2022 Volume 63 Issue 8 Pages 1138-1143
This study developed an original constant-head permeability apparatus for rocks. This apparatus can freely adjust the confining pressure and hydraulic pressure (hydraulic gradient), and can directly measure the runoff volume using an electronic balance. This apparatus can measure the hydraulic conductivity more accurately than the conventional constant-head method that measures the runoff volume using a measuring cylinder. Second, this study measured the hydraulic conductivity of Inada granite specimens (50 mm in diameter and 40 mm in length) under confining pressure conditions using the constant-head permeability apparatus. The test was performed at 22 ± 1°C in a temperature-controlled room. As result, we found that the hydraulic conductivity of Inada granite, which was measured using this apparatus, is quite similar to that reported by a previous study using transient pulse method. Furthermore, the observed decline in hydraulic conductivity due to the confining pressure is consistent with the observations of the previous study.
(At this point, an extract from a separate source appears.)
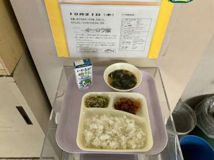 まぐろのオーロラ煮 すまし汁 もやしとピーマンのいためもの ごはん 牛乳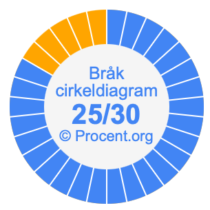 Illustrationerna nedan visar hur 25/30 och 83,33% delar upp ett cirkeldiagram olika men täcker samma område eftersom de är desamma.

Therefore, the permeability measurement system used in this study is established and reliable. In addition, this study measured the hydraulic conductivity of various seven intact rocks (granite, basalt, dacite, sandstone, and tuff) under confining pressure conditions using a constant-head permeability apparatus, and we presented how the hydraulic conductivity changes as the confining pressure increases.
This Paper was Originally Published in Japanese in J. Soc. Mater. Sci., Japan 71 (2022) 221–227.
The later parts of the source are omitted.